Under the proposed structures, which will be trialled over the next year, directors of services will no longer oversee the day-to-day running of the municipal districts. This responsibility will be given to local area managers, to be assigned. The six existing directors of services will then operate under the chief executive, Peter Hynes, and various local area managers will operate under the directors.
The county councillors were almost universally against the proposal at last week’s monthly meeting of Mayo County Council, arguing that they feel it will take powers away from the municipal districts.
Under the current structure, each municipal district is under the remit of a director of services. Many councillors are urging Mr Hynes not to take a Director of Services away from each district.
Trial will go ahead
However, Mr Hynes said the new system’s trial would go ahead, and he dismissed suggestions that each district always had a dedicated director of services.
He explained that when he was a director of services, he shared the role between the old Westport and Belmullet Electoral Areas and was also responsible for housing and Traveller accommodation.

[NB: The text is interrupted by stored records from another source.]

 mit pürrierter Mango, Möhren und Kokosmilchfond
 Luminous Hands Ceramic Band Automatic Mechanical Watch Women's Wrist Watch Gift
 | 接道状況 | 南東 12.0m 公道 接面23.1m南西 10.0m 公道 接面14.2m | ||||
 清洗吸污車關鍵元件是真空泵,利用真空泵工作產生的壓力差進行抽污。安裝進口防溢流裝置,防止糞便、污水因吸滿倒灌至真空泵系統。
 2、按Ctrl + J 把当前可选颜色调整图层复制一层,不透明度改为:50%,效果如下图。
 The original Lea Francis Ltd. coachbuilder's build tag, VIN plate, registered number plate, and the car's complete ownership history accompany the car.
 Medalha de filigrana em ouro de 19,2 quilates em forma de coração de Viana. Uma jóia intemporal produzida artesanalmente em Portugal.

“What we need to do is get the decision-making authority pushed up to a level which can be accessed in the municipal district … Whether you call that person a Director of Services and the person he or she reports to a Super Director of Services, I don’t care. The authority to make the decisions on the ground is needed … We then make best use of the time and skill sets of people through this organisation. It will give people a chance at other levels to take on responsibility and express their own potential,” he said.
His response was not met with enthusiasm by many councillors, who again brought up the issue of power being taken away from the municipal districts. The municipal districts were introduced after the local elections in 2014, and councillors were informed they would have more power and autonomy.

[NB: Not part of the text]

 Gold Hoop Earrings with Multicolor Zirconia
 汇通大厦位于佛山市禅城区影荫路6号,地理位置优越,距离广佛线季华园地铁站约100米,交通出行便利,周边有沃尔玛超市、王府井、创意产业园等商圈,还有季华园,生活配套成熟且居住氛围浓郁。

Crossmolina-based Fianna FΡil councillor Michael Loftus, who was elected in 2014, told the meeting he feels that since he became a councillor all the powers are being centralised to Castlebar.
“All I see is everything going to Castlebar, and when we want something we have to go to Castlebar to ask. One of the things we were to get with the municipal areas were powers to do work, and I do not see it.
Retrograde step
“I see this as a retrograde step, and I do not agree with us not having directors or whatever you want to call them. Every time we want discretionary money we have to fight and plead and negotiate here to get the money,” he said.
Independent councillor Richard Finn, who said he supported the creation of municipal districts, also criticised the removal of a director of services from each area.
“As a councillor I cannot imagine supporting anything less than what we have already in relation to a director of services. For the life of me, I can’t imagine how we are going to retract back to a lesser situation than we are now in,” he said.
Knockmore-based Independent Seamus Weir expressed his disappointment with Mr Hynes’s response given the ‘impassioned pleas’ from the councillors. He warned Mr Hynes that if he ‘pulls’ the Director of Services, they [councillors] will ‘deal with you afterwards’.
Mr Hynes replied that the decision was taken after a discussion last October, and that it will be reviewed once the trial has been running for a year.